Repetitive testing for friction compensation was performed on the hip and knee joints. As the load in the shoulder joint was very small, the friction in the shoulder joint was considered negligible. When the friction of the hip joint was tested, the knee drive was locked. The currents from the joint motors were recorded and used to calculate the torques from the joint drives. The torques and angular speeds were filtered using a 3rd-order Butterworth digital filter, and finally the friction compensators for the hip and knee joints were obtained.
With the gravity and friction compensators, the hip and knee joints ran in force-free mode, meaning that the leg rig theoretically moved without any influence from gravity or joint friction.
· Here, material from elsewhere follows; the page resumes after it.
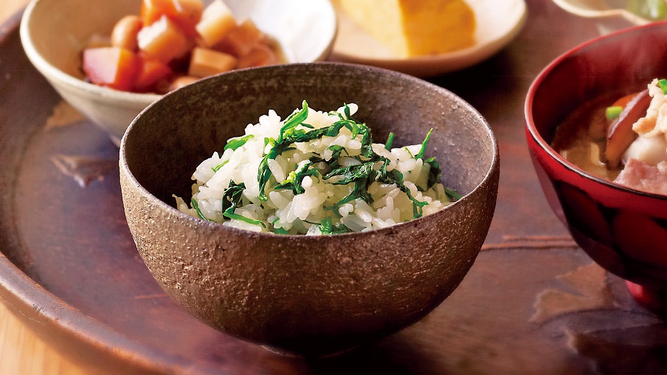 せりの爽やかさ、ほろ苦さを生かした「だし炊きごはん」はいかがでしょう?「黄金比のだし」と一緒に炊くだけで、せりの繊細な風味が引き立ち、季節を感じる上品な一品に。食感も小気味良いリズムを奏でます。
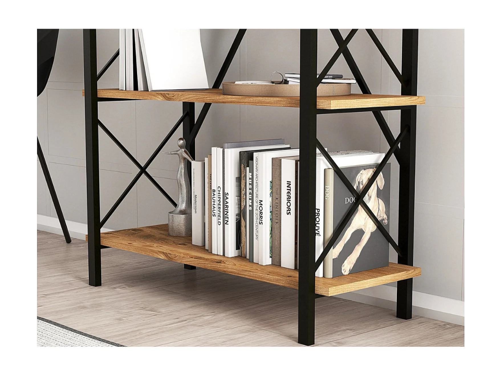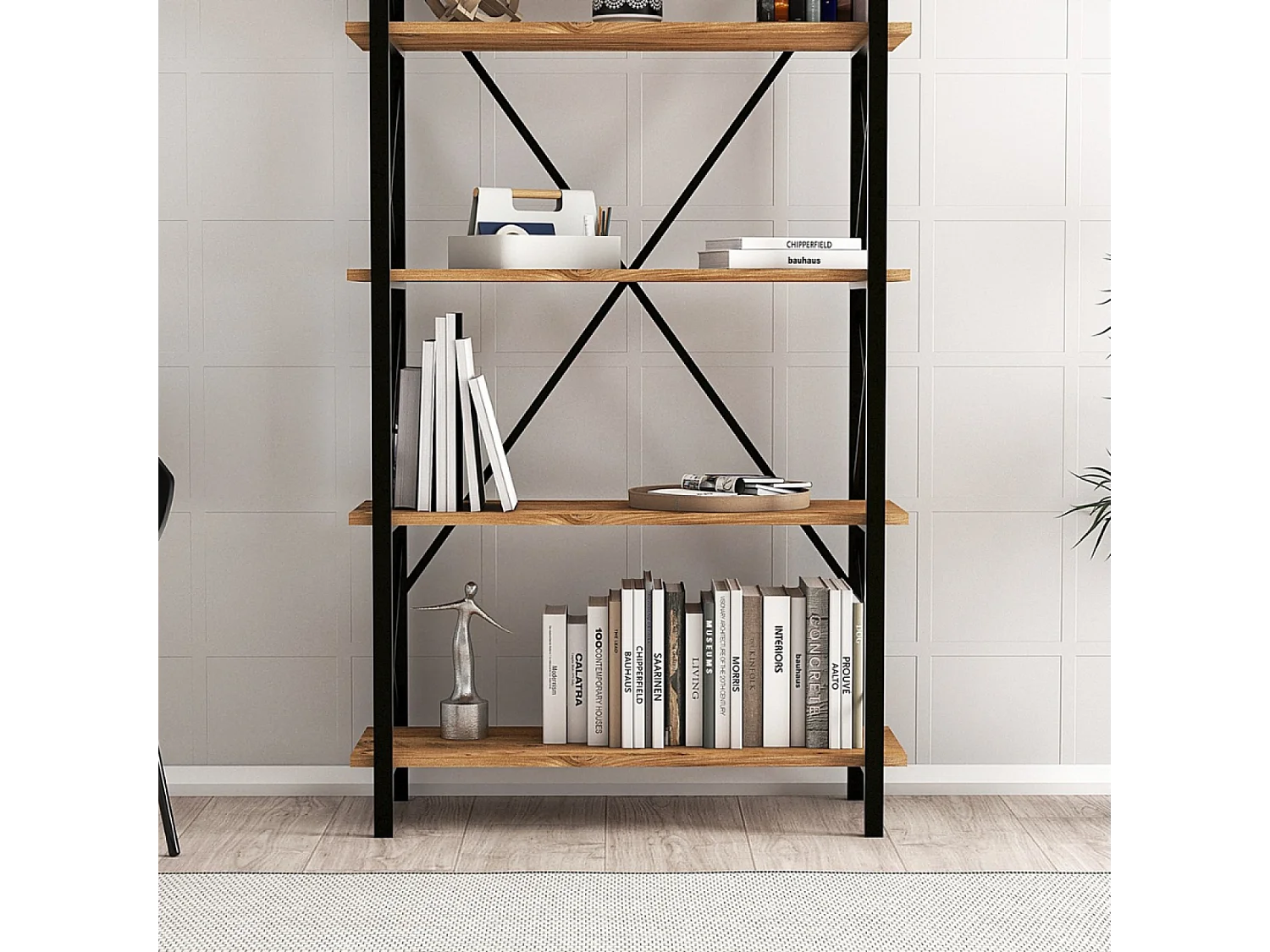 Biblioteca Diseño en Metal FANI - 5 Estantes Madera y Negro

Based on the above force-free model, a feedback impedance controller [Figure 2] was developed,
where K and B are the linear coefficients for elasticity and viscosity, respectively. The actual joint trajectory was recorded by a position sensor integrated in the motor. The difference between the actual trajectories and the target trajectories, θerror, was fed into the impedance controller, resulting in an extra torque Timp. As gravity and friction were well compensated, θerror under these circumstances primarily came from the user's active movement, in addition to minor factors such as mechanical inertia of the rig, the user's segment inertia, and the passive elastic/viscous joint moments (Riener and Edrich, 1999). The impedance controller worked as a virtual spring-damper system that constrained the joint to follow the target trajectory. If the user exerted volitional force on the rig, the force was applied on an analog spring-damper system. The force-free controller and the impedance controller combined to produce flexible movement in the system.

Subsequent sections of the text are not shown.